During his visit to Washington this week, prime minister Nouri al-Maliki referred to the constitutional vacuum that will result if the elections are postponed, “because the current Iraqi parliament will lose its legitimacy after 16 January 2010”, he said in a statement.

But herein lies the problem with Iraq. Issues concerning constitutional legitimacy or legal integrity now ring hollow in a country still, embarrassingly, mired in disputes over Kirkuk, centralisation and decentralisation of power, and the management and control of the country’s resources. The inefficient and uninspiring Iraqi parliament is in a state of paralysis, with every man out for his own, while the country’s institutions and ministries constitute individual fiefdoms dominated by the financially and militarily powerful.

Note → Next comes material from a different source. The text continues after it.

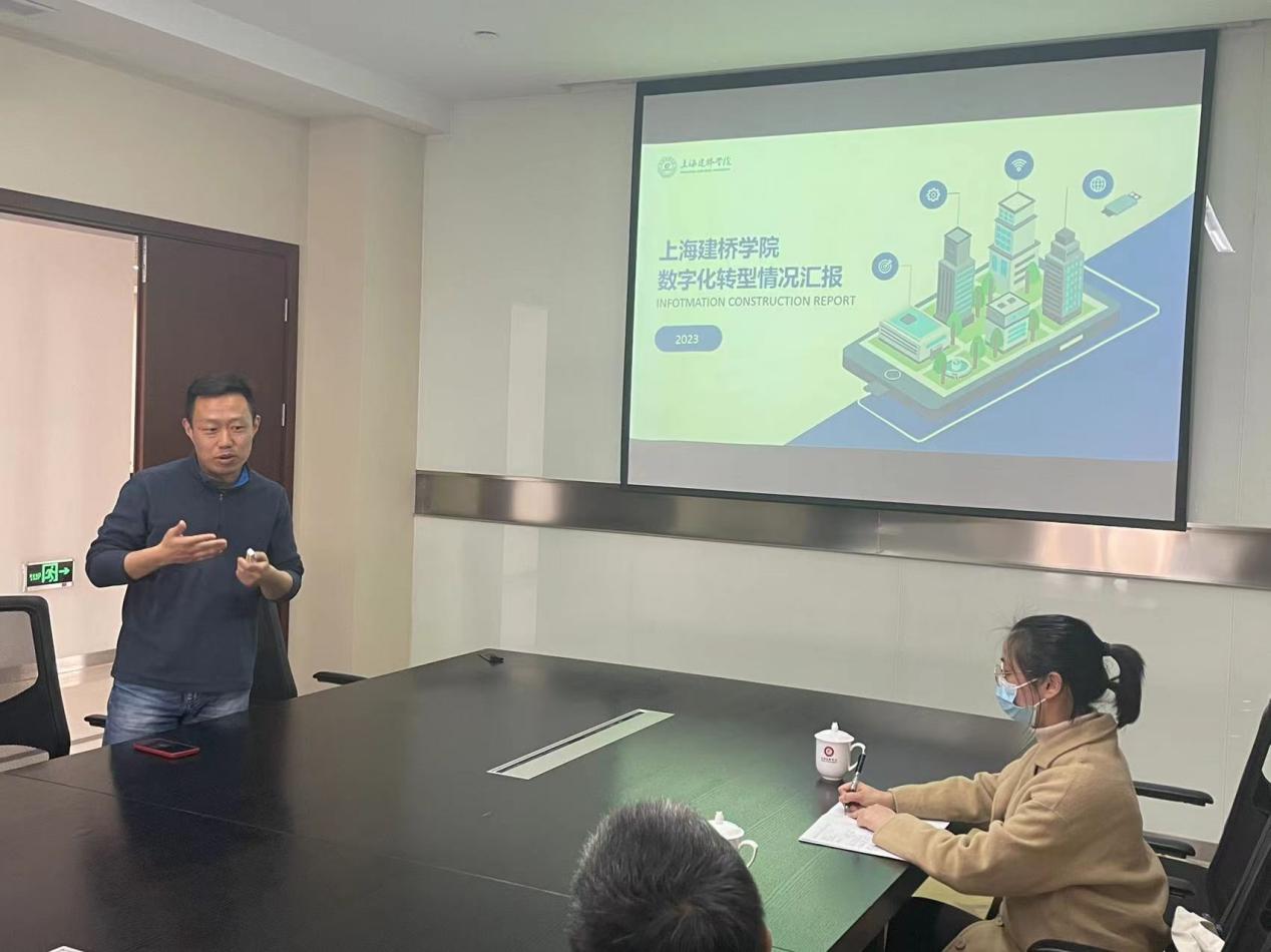 在交流会议上,沈主任对上海建桥学院数字化转型情况进行了展示介绍。沈主任分别从整体架构、网络资源、应用系统、数据治理、信息安全五个方面详细展开,提出了“建设工作平台,打造全校数字基座”的发展思路,目前学校已经形成《上海建桥学院数据标准1.0》建设文档来推进学校建设报表仓库并沉淀核心数据。

The reality is that, until the chief outstanding problem of Kirkuk is resolved in line with Article 140, there may be no compromise on the other issues. Iraq’s constitutional disputes started with Kirkuk and will end with Kirkuk.

Of course, now that election fever has kicked in, with groups seeking alliances and behind-the-scenes deals, attention will not actually be focused on any of the issues that matter. With officials taking the “let’s wait until after the elections” stance, Iraqis will instead get an abundance of slogans and rhetoric for the next three months, and this could continue for another two months after January 2010, until the political framework settles in the country.

This is assuming the whole thing takes place in January in the first place. What is certain is that continued delay will increase public disenchantment and put in doubt US plans to end combat operations by August 2010. This, as a result, would threaten the wider plan to withdraw all troops by the end of 2011.